To solve the second problem, companies such as Plextek have been working closely with major FPGA manufacturers to exploit new toolsets that can convert algorithmic descriptions defined in high-level mathematical languages (e.g., Matlab) into a form that easily converts into VHDL. As a result, significant time is saved from developing extensive testbenches to verify designs. Although not completely automatic, the design flow becomes much faster and much less prone to errors.
This doesn’t remove the need for a hardware designer, although it’s possible to develop methodologies to enable a hierarchical approach to algorithm exploration. The aim is to shorten the time between initial algorithm development and final solution.
Much of the time spent during algorithm exploration involves running a wide set of parameters through essentially the same algorithm. Plextek came up with a methodology that speeds up the process by providing a parameterised FPGA platform early in the process (see the figure). The approach requires the adoption of new high-level design tools, such as Altera’s DSP Builder or Xilinx’s System Generator.
A major portion of time involved in algorithm exploration revolves around running a wide set of parameters through essentially the same algorithm.

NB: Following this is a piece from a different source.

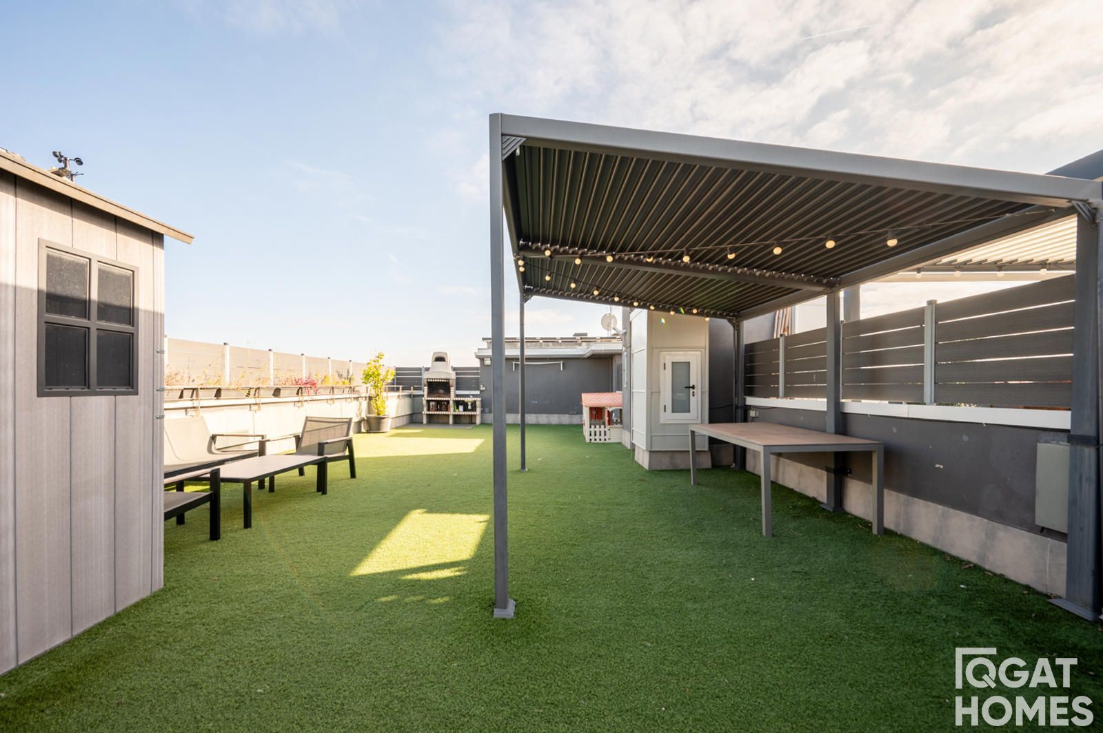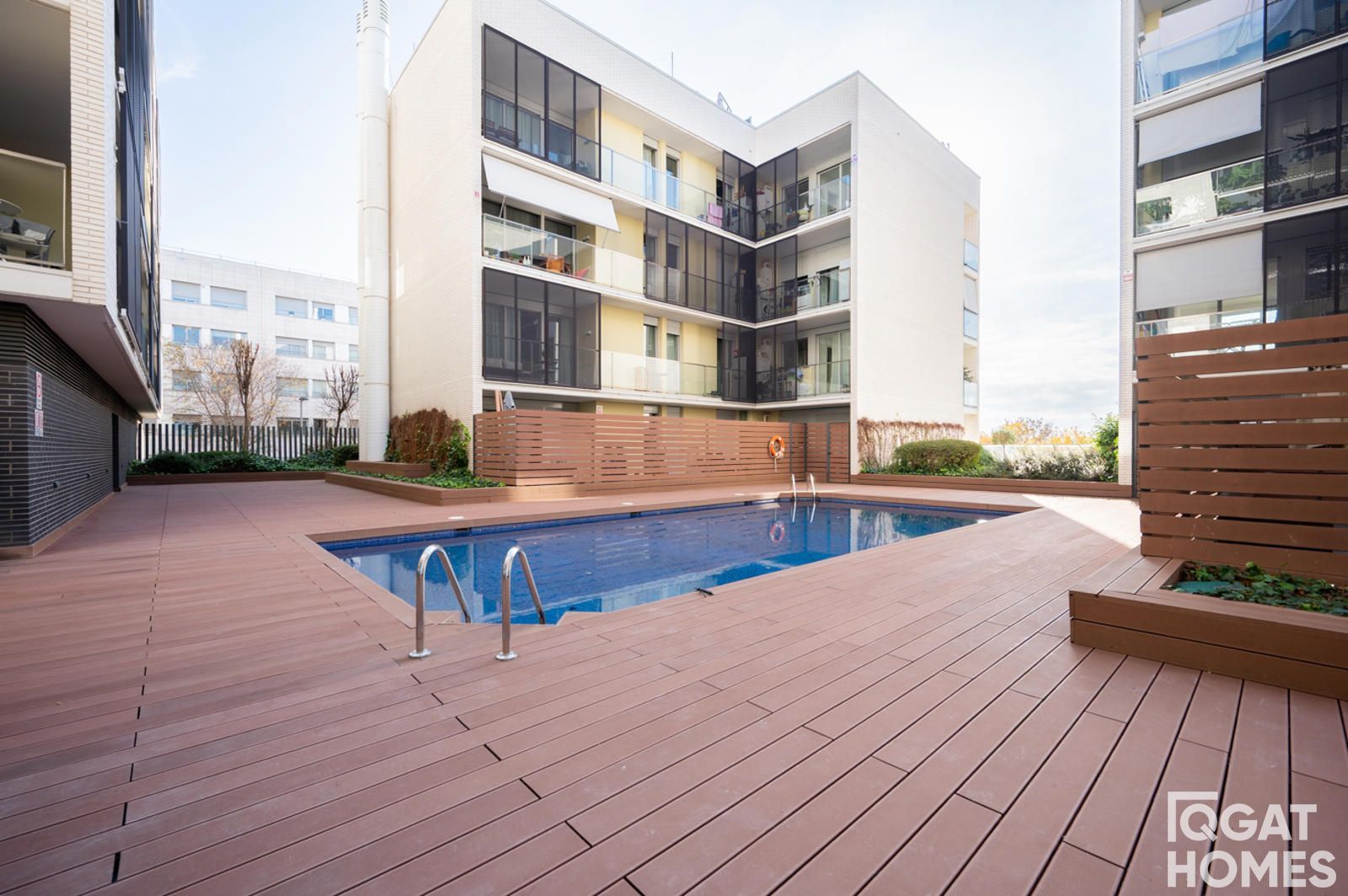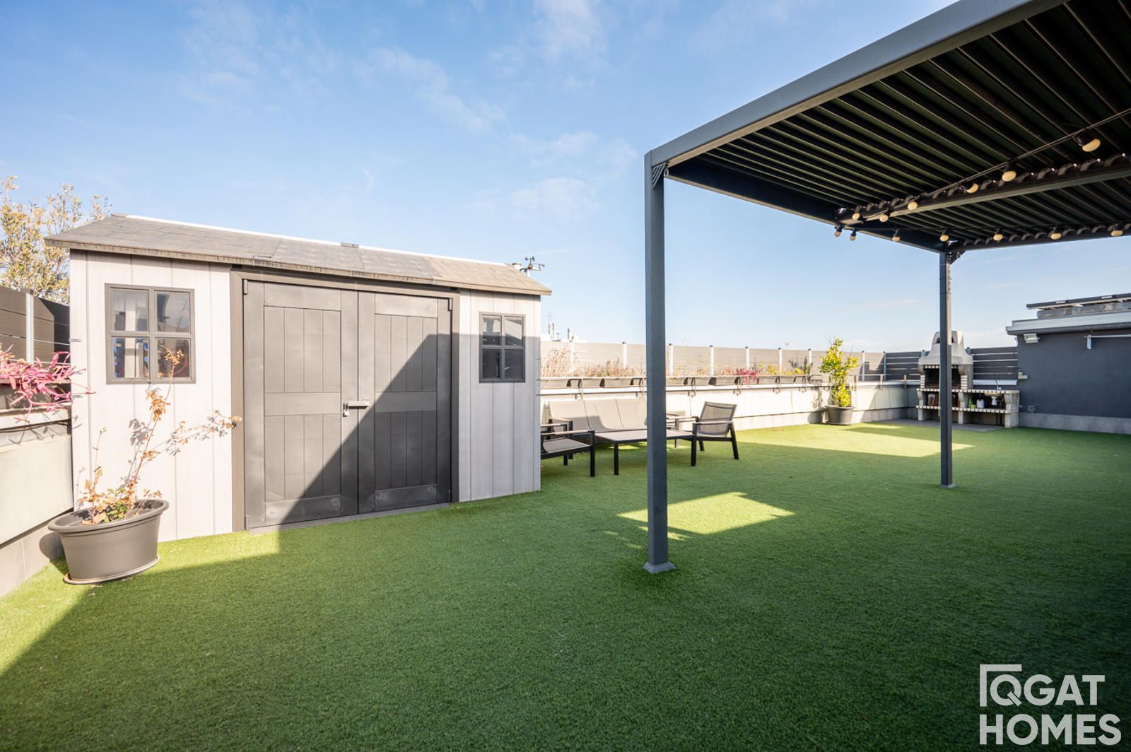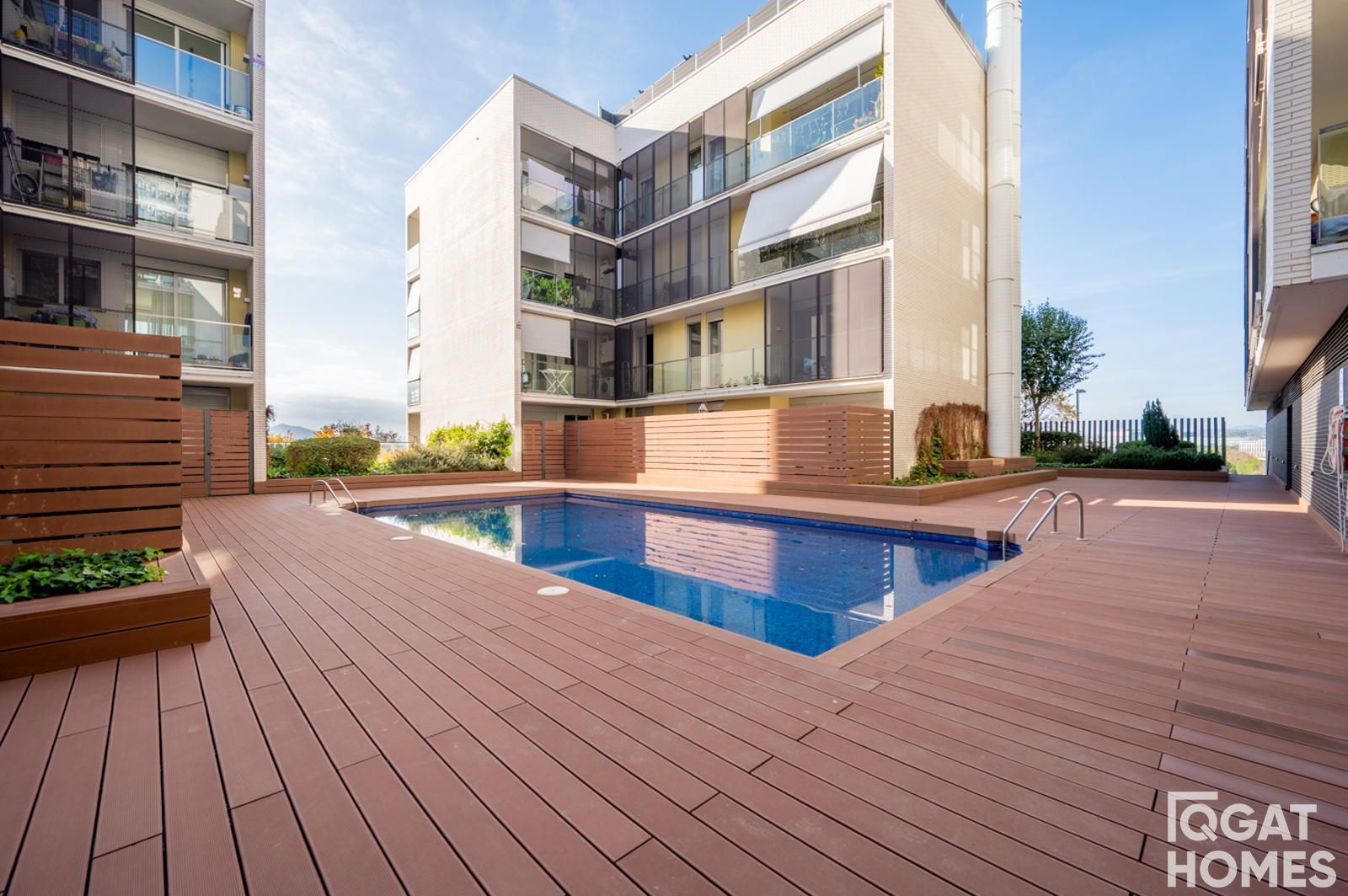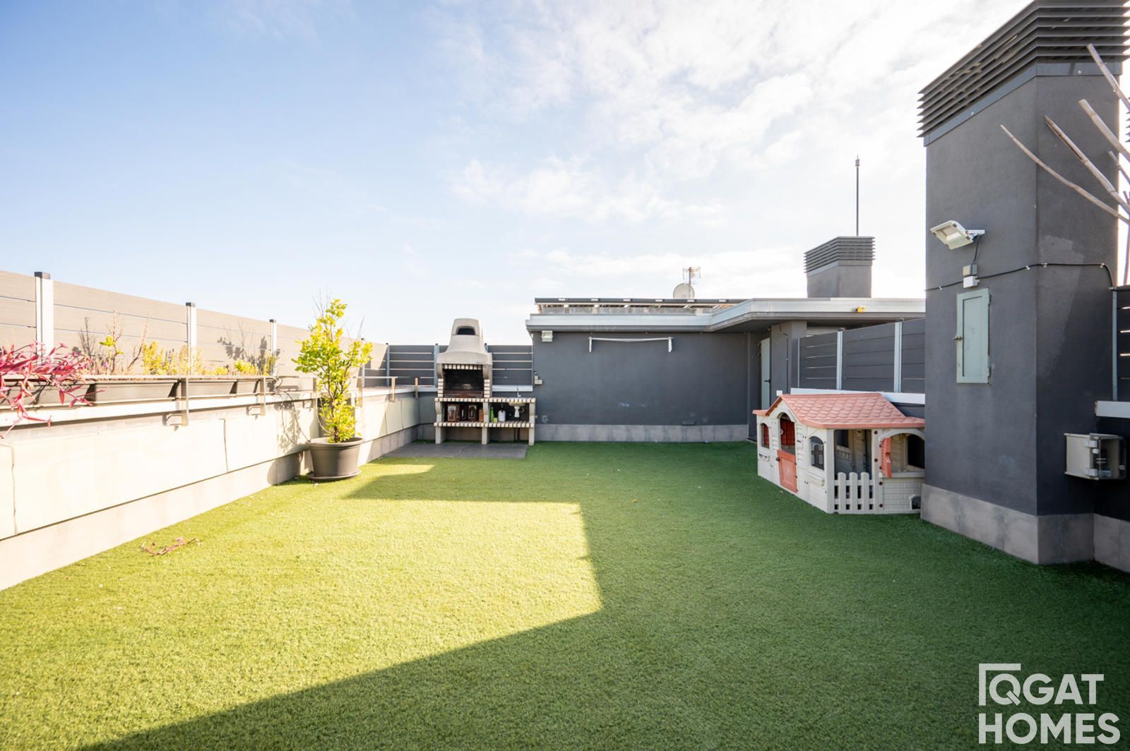 Qgat Homes presents a duplex penthouse in a modern building from 2018, with an excellent layout between living and sleeping areas and spacious outdoor spaces. The 123 m2 property comprises 3 bedrooms: a suite with shower and built-in wardrobe, and 2 medium-sized bedrooms, one of which also has a built-in wardrobe. It also has a second full bathroom with a bathtub. The living-dining room, with a bioethanol fireplace, opens onto two terraces, one of which overlooks the communal swimming pool. The separate kitchen has a dumbwaiter and a utility room (safareig) and connects to the terrace. Upstairs, there is a large private terrace of approximately 100m2 equipped with a pergola, a hot shower, and a storage shed, ideal as a chill-out area or solarium. Features include recessed electrical outlets, a Japanese toilet (integrating hygiene, comfort, and water-saving functions), automatic blinds, ducted hot/cold air conditioning, mosquito nets, and solar panels on the building. It includes two parking spaces and a storage room. The building has a communal saltwater pool. A floor plan with a proposed four-bedroom layout is included in the photo sequence. The property currently has three bedrooms, and the floor plan is shown for illustrative purposes only to assess the potential of the space. This modern, bright, and fully equipped home is available for viewing. Request a viewing. At Qgat Homes, we have the best real estate consultants for personalized service. Don't hesitate to contact us for more detailed information about this property and many others in the Sant Cugat del Vallès area.

Plextek’s methodology provides a parameterized FPGA platform early in the process, which saves a significant amount of time.
A key part of the process is jointly describing the algorithm parameters that are likely to change. After they’re defined, the hardware designer can deliver a platform with super-computing power to the scientist’s local machine, one that’s tailored to the algorithm being studied. At this point, the scientist can very quickly explore parameter changes to the algorithm, often being able to explore previously time-prohibitive ideas. As the algorithm matures, some features may need updating. Though modifications to the FPGA may be required, they can be implemented much faster.
A side benefit of this approach is that the final solution, when achieved, is in a hardware form that can be easily scaled across a business. In the past, algorithm exploration may have used a farm of 100 servers, but when rolled out across a business, the server requirements could increase 10- or 100-fold, or even to thousands of machines. With FPGAs, equipment requirements will experience an orders-of-magnitude reduction.
Ultimately, companies that adopt these methodologies will achieve significant cost and power-consumption savings, as well as speed up their algorithm development flows.